Bug 177575

Summary: Split some logic out of VisitedLinkStore and make it reusable
Product: WebKit Reporter: Chris Dumez <cdumez>
Component: WebKit2Assignee: Chris Dumez <cdumez>
Status: RESOLVED FIXED    
Severity: Normal CC: achristensen, beidson, commit-queue, darin, ggaren, sam, webkit-bug-importer, youennf
Priority: P2 Keywords: InRadar
Version: WebKit Nightly Build   
Hardware: Unspecified   
OS: Unspecified   
See Also: https://bugs.webkit.org/show_bug.cgi?id=174541
Bug Depends on:    
Bug Blocks: 177776    
Attachments:
Description Flags
Patch
none
Patch
none
Patch
none
Patch
none
Patch none

Description Chris Dumez 2017-09-27 15:40:15 PDT
Split some logic out of VisitedLinkStore and make it reusable for other purposes than visited links and from other processes than the UIProcess.
Comment 1 Chris Dumez 2017-09-27 15:44:41 PDT
Created attachment 322032 [details]
Patch
Comment 2 Alex Christensen 2017-09-28 10:22:13 PDT
Comment on attachment 322032 [details]
Patch

View in context: https://bugs.webkit.org/attachment.cgi?id=322032&action=review

> Source/WebKit/Shared/LinkHashTable.h:35
> +class LinkHashTable {

Since we're going to be using this for things that aren't links, could we call this something like SharedStringHashTable?

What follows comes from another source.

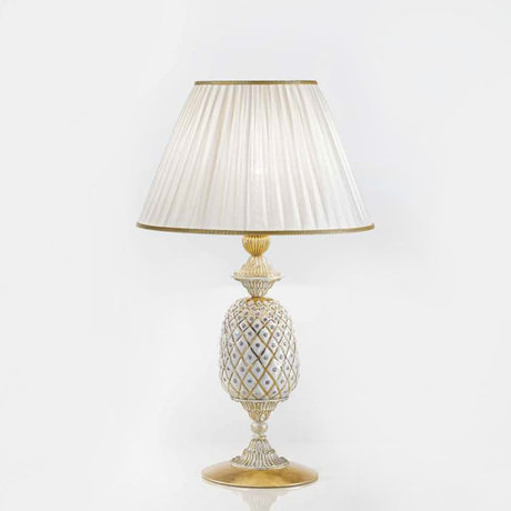 Настольная лампа с керамической вазой бежевого цвета и основанием из кованного металла. Текстильный абажур белого цвета с золотым кантом.
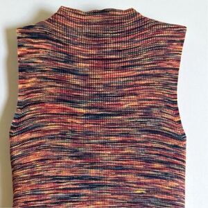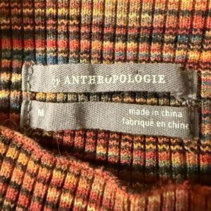 Keywords: Anthropologie, tunic, sleeveless, mock neck, multicolor, casual, fall fashion, women's clothing, stretchy fabric, ribbed texture, size M, viscose, polyester, pre-owned, hand wash,

> Source/WebKit/Shared/LinkHashTable.h:45
> +    bool contains(WebCore::LinkHash) const;

Could we rename LinkHash to SharedStringHash?
Comment 3 Alex Christensen 2017-09-28 10:26:36 PDT
Specifically, I think we're going to be putting SecurityOrigins into the shared hash table for service workers, so they won't even be URLs.
Comment 4 Chris Dumez 2017-09-28 10:39:20 PDT
(In reply to Alex Christensen from comment #3)
> Specifically, I think we're going to be putting SecurityOrigins into the
> shared hash table for service workers, so they won't even be URLs.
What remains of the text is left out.